> [SOURCE MATERIAL]:
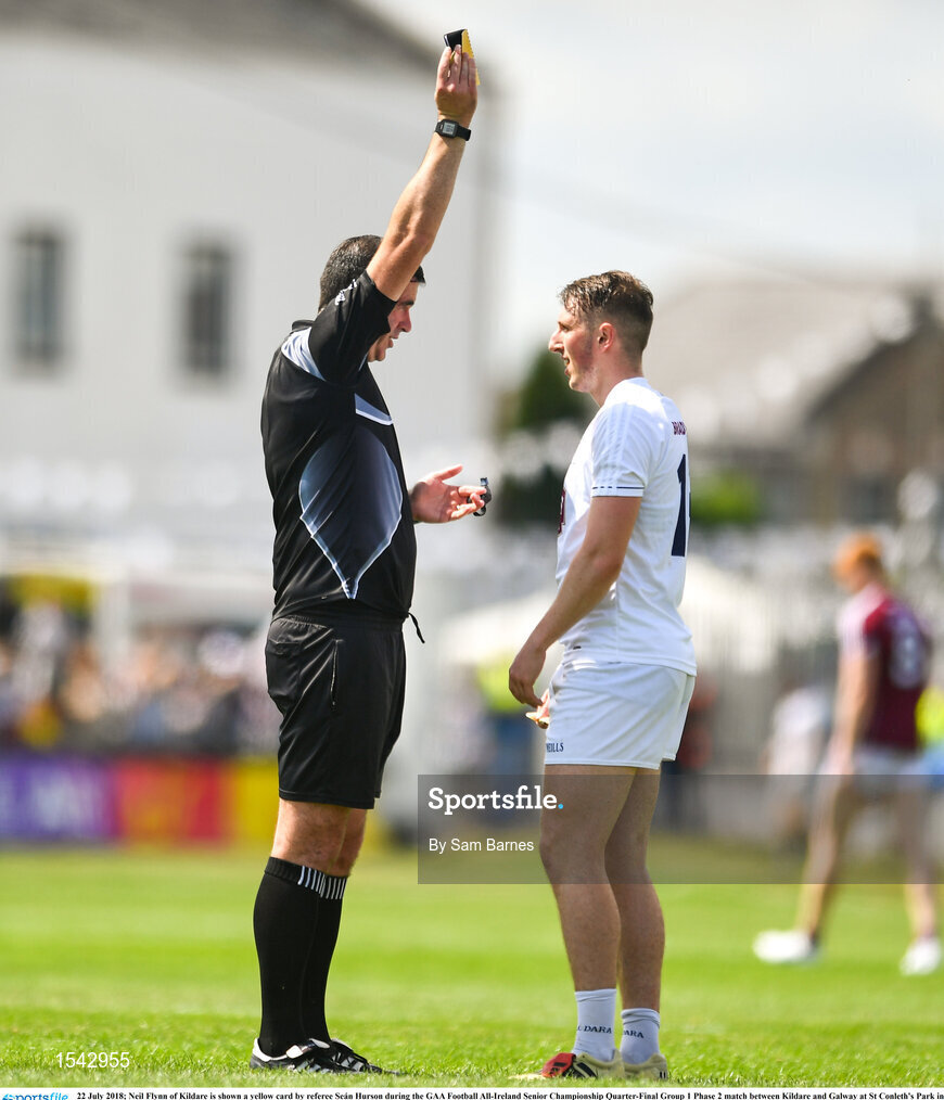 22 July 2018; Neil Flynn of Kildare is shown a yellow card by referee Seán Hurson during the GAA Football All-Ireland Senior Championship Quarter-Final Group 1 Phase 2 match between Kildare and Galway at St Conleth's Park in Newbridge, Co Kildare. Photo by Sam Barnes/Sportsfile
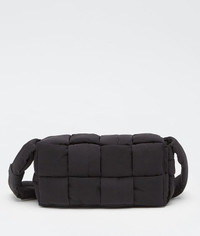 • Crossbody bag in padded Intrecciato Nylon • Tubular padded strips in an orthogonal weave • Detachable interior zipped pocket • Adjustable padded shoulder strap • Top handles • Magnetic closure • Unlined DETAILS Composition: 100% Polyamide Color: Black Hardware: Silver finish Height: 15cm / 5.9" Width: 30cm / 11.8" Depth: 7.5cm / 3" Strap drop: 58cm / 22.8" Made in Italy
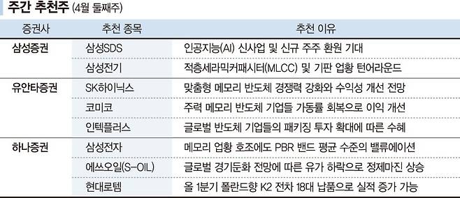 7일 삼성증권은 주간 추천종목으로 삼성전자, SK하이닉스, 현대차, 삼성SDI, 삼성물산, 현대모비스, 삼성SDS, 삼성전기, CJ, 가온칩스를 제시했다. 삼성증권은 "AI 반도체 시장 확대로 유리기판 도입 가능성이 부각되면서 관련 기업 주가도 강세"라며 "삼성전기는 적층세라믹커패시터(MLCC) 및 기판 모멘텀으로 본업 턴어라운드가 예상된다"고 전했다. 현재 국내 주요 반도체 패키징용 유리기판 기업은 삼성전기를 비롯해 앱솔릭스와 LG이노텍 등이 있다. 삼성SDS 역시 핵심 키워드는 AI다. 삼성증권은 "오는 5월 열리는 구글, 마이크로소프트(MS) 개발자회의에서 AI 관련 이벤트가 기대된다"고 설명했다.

> [WORK INSTRUCTIONS]: Beginning with the line containing "Made in Italy" and ending with the last line of the listing above, output those lines exactly as written, without pictures.

> [EXPECTED OUTPUT]:
 • Crossbody bag in padded Intrecciato Nylon • Tubular padded strips in an orthogonal weave • Detachable interior zipped pocket • Adjustable padded shoulder strap • Top handles • Magnetic closure • Unlined DETAILS Composition: 100% Polyamide Color: Black Hardware: Silver finish Height: 15cm / 5.9" Width: 30cm / 11.8" Depth: 7.5cm / 3" Strap drop: 58cm / 22.8" Made in Italy
 7일 삼성증권은 주간 추천종목으로 삼성전자, SK하이닉스, 현대차, 삼성SDI, 삼성물산, 현대모비스, 삼성SDS, 삼성전기, CJ, 가온칩스를 제시했다. 삼성증권은 "AI 반도체 시장 확대로 유리기판 도입 가능성이 부각되면서 관련 기업 주가도 강세"라며 "삼성전기는 적층세라믹커패시터(MLCC) 및 기판 모멘텀으로 본업 턴어라운드가 예상된다"고 전했다. 현재 국내 주요 반도체 패키징용 유리기판 기업은 삼성전기를 비롯해 앱솔릭스와 LG이노텍 등이 있다. 삼성SDS 역시 핵심 키워드는 AI다. 삼성증권은 "오는 5월 열리는 구글, 마이크로소프트(MS) 개발자회의에서 AI 관련 이벤트가 기대된다"고 설명했다.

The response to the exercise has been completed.